**Assignment**:
Type out the lines below exactly, from the first through the line holding "Not suitable (does", and include no pictures.

**Information provided**:
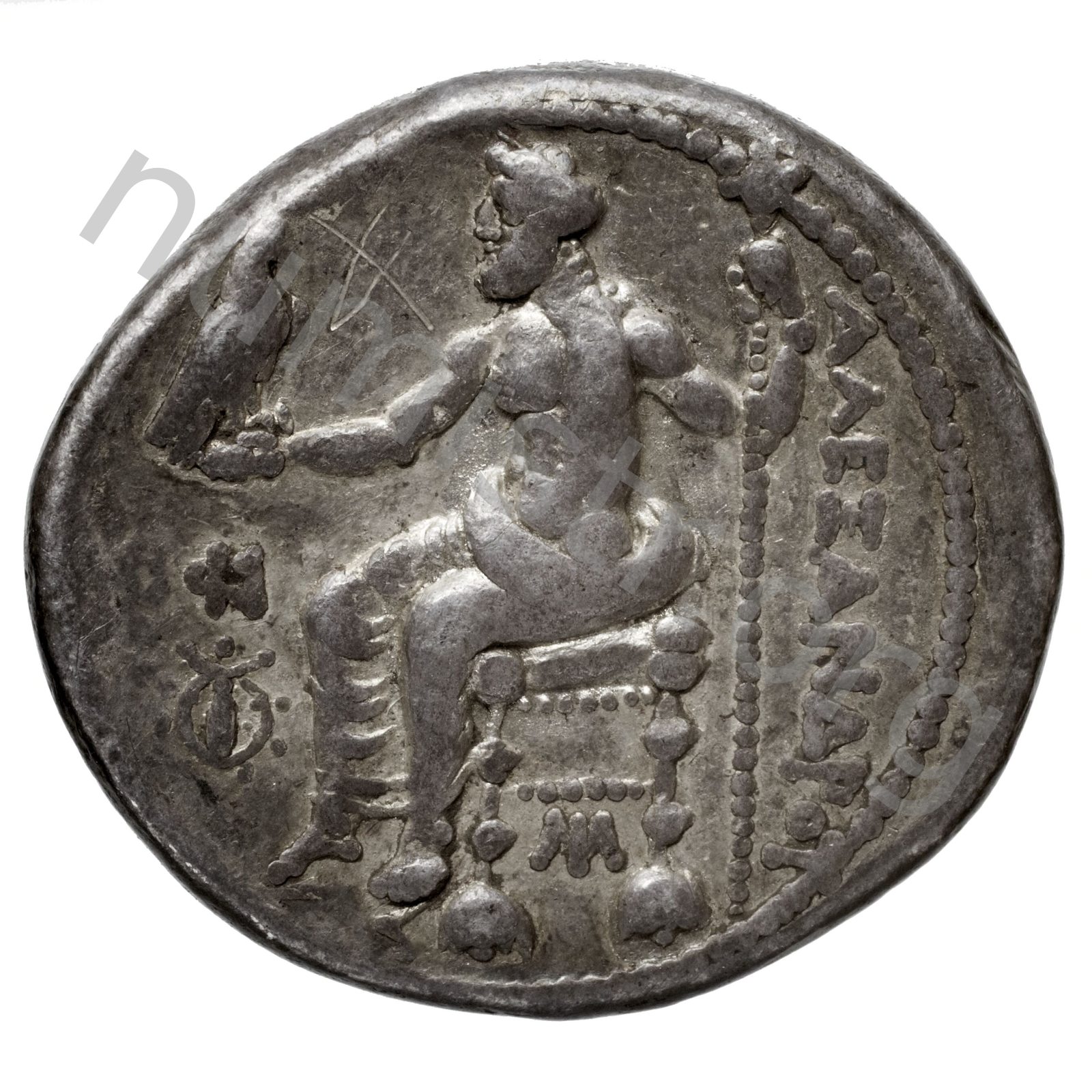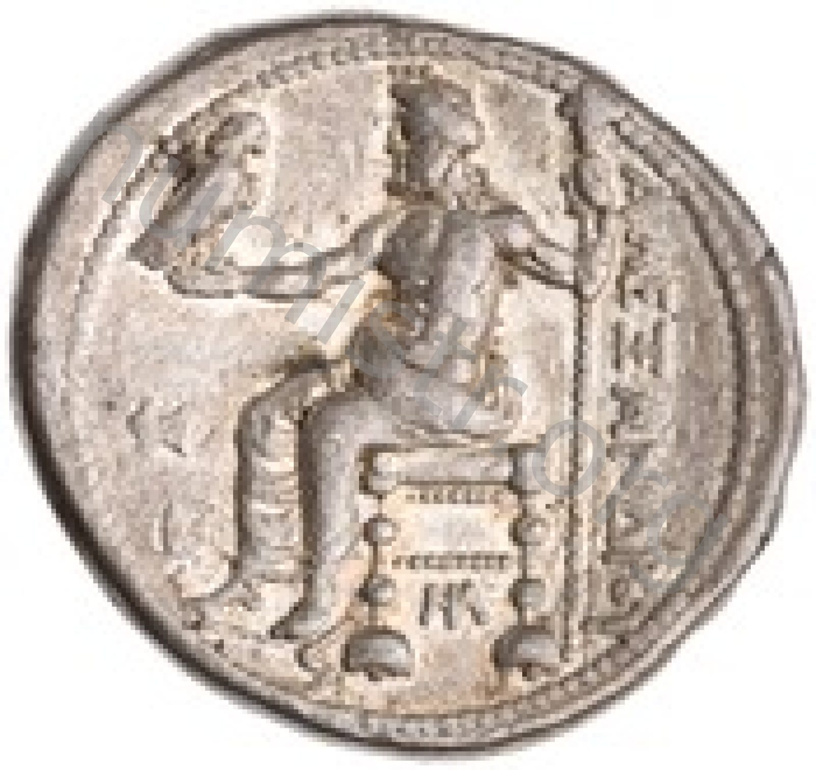Zeus seated on stool-throne left eagle on outstretched right hand sceptre in left hand -[en]
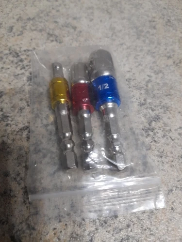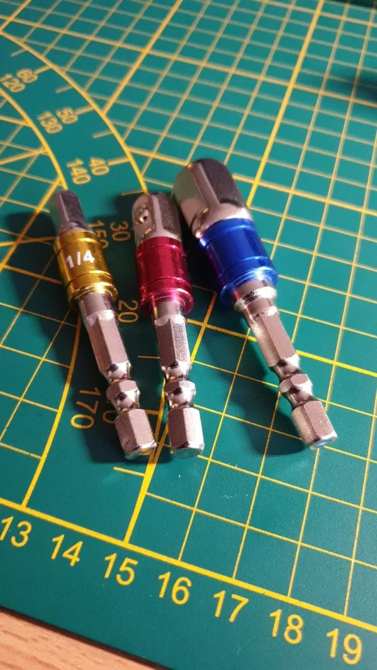 Not suitable (does not lock with) for use with a release mechanism like like the Magnetic Electric Screwdriver Extension Bit Holder: https://www.aliexpress.ru/snapshot/0.html?spm=a2g0s.buyer_leave_review.0.0.4de16c1bnqEcJ3&orderId=8124721366732896&productId=4001261525122. Nice to have different color per size.
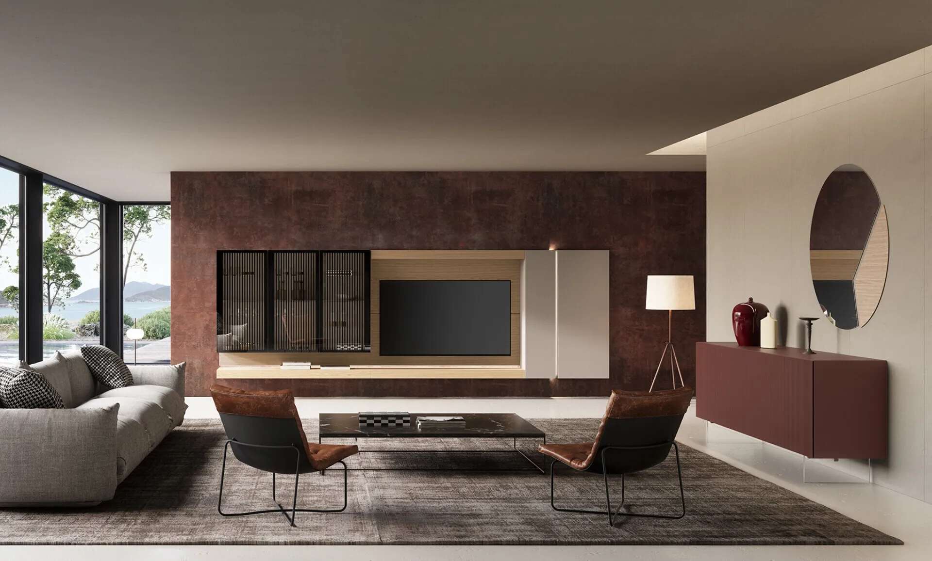 La Parete Attrezzata Soggiorno Lucifer con schienale Quercia di Voltan in foto è una tra le più esclusive soluzioni d’arredo in commercio: grandi doti di componibilità e le diverse opportunità di progettazione la rendono bella e di grande qualità. Voltan propone originali modelli di mobili soggiorno, diversi per stile e conformazioni, texture e elementi: scopri nel nostro showroom l'Arredamento Casa delle migliori marche. Visto che il living deve essere uno spazio ben organizzato e di grande valore estetico, sono necessari alcuni arredi belli e pratici come le Pareti Attrezzate. Lasciati stuzzicare da un ricco catalogo di arredi per la zona giorno e troverai la parete attrezzata che fa al caso tuo.

**Answer area**:
Zeus seated on stool-throne left eagle on outstretched right hand sceptre in left hand -[en]
 Not suitable (does not lock with) for use with a release mechanism like like the Magnetic Electric Screwdriver Extension Bit Holder: https://www.aliexpress.ru/snapshot/0.html?spm=a2g0s.buyer_leave_review.0.0.4de16c1bnqEcJ3&orderId=8124721366732896&productId=4001261525122. Nice to have different color per size.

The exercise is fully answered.